Question

At UC San Diego, incoming students are each randomly assigned to join one of the six colleges: Revelle, Muir, Marshall, Warren, Roosevelt, and Sixth. Suppose there are 24 incoming students, including Winona, Xanthippe, and Zelda. It cannot be assumed that all colleges will be assigned four students; since each student’s assignment is random, some colleges may be assigned more students than others.
Please leave your answers as unsimplified expressions with factorials, exponents, permutations, combinations, etc.
a) All 24 incoming students get called up one at a time to be assigned to a college. How many possible orders of all 24 students have Winona as the first student called?
b) How many possible orders of all 24 students have Zelda, Xanthippe, and Winona (in any order) as the first three students called up to wear the sorting hat?
c) How many ways are there to assign all 24 students to colleges such that Zelda, Xanthippe, and Winona all get assigned to Muir?

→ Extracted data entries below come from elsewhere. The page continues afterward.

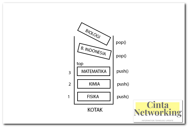 Pop digunakan untuk mengeluarkan data teratas dari stack. Stack adalah sebuah kumpulan data dimana data yang diletakkan di atas data yang lain. Pengertian stack pada struktur data adalah sebagai tumpukan dari benda sekumpulan data yang seolah olah diletakkan di atas data yang lain koleksi dari objek objek homogen atau suatu urutan elemen yang elemennya dapat diambil dan ditambah hanya pada posisi akhir top saja. Stack bisa diartikan sebagai suatu kumpulan data yang seolah olah ada data yang diletakkan di atas data yang lain. Biasanya kita akan menjumpai topik ini pada awal materi setelah array karena array dibutuhkan dalam. Dengan demikian elemen terakhir yang disimpan dalam stack menjadi elemen pertama yang diambil.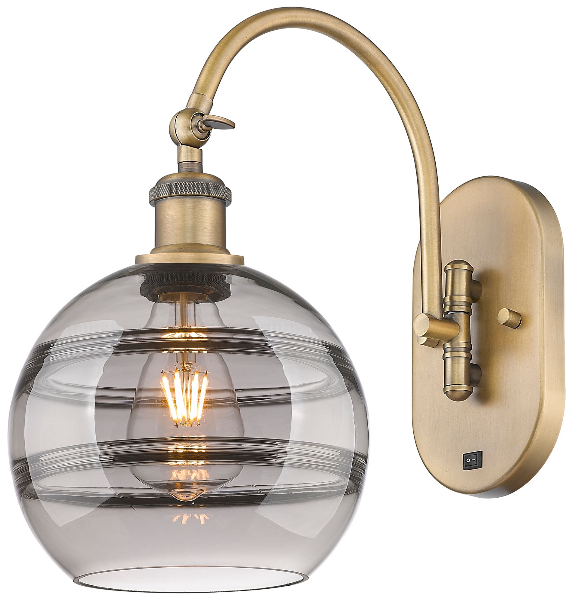 Ballston Rochester 13.38"H Brushed Brass Adjustable Sconce w/ Smoke Sh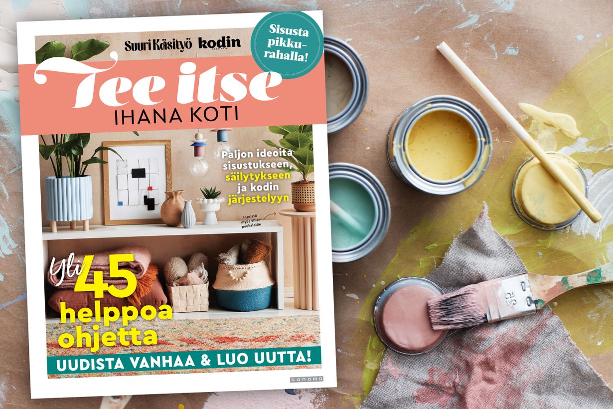 Kokosimme Suuren Käsityön ja Kodin Kuvalehden yhteiseen uutuuslehteen lähes 50 helppoa suosikkiohjetta, joiden avulla jokainen voi ryhtyä tee se itse -sisustajaksi. Mukana on uuden nikkarointia ja näpräämistä, vanhan freesaamista ja kotoa jo löytyvien materiaalien hyödyntämistä. Tekniikoita on laidasta laitaan, joten kannattaa kokeilla rohkeasti uusiakin!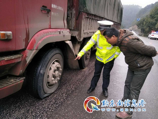本網訊 2018年1月4日14時55分,劍河縣公安局交警大隊農村片區三中隊在320國道1847KM+10M處(麻粟路段)執勤查車,這時一輛大貨車向交警查車點駛來,交警示意其靠邊停車,接受例行檢查,當執勤民警對車輛進行例行檢查時,發現該車前輪輪胎出現爆胎,導致整個車身傾斜不平,如果繼續行駛,將會出現重大的道路交通安全隱患。

Here, and in what follows, the order in which the students are assigned does not matter.
d) How many ways are there to assign all 24 students to colleges such that Zelda, Xanthippe, and Winona all get assigned to the same college?
e) How many ways are there to assign all 24 students to colleges such that Zelda, Xanthippe, and Winona are assigned to different colleges?
f) How many ways are there to assign all 24 students to colleges such that exactly 4 students get assigned to Warren?
g) How many ways are there to assign all 24 students to colleges if each of the six colleges has room for only four incoming students?
h) How many ways are there to assign all 24 students to colleges if nobody is assigned to the same colleges as the person called up just before them?
i) What is the probability that Winona, Xanthippe, and Zelda are all assigned to Muir?
j) Suppose again that the students are called up one at a time. In how many possible orders of all 24
students does Zelda get called up some time before Xanthippe? Simplify your answer as much as possible, but let factorials remain unsimplified.

Answer 1

(a)

Winona is called in the first and remaining 23 students were called in 23! ways.

So, number of possible orders is 23!.

(b)

Zelda, Xanthippe and Winona can be called in first three in 3! ways and remaining 21 students in 21! ways.

So, number of possible orders is 3!*21!.

(c)

Zelda, Xanthippe and Winona are assigned in 1 college Muir. All of other 21 students can be assigned to any of 6 colleges each in 6²¹ ways.

So, number of possible orders is 6^21.

(d)

Zelda, Xanthippe and Winona can be assigned to same college in 6 ways and remaining 21 students can be assigned to any of 6 colleges each in 6²¹ ways.

So, number of possible orders is 6^22.

(e)

Zelda, Xanthippe and Winona can be assigned to different colleges in 6*5*4 ways and remaining 21 students can be assigned to any of 6 colleges each in 6²¹ ways.

So, number of possible orders is 20*6^22.

(f)

Exactly 4 students can be assigned in Warren in ²⁴C₄ ways and remaining 20 students can be assigned to other colleges in 5²⁰ ways.

So, number of possible orders is ²⁴C₄*5²⁰.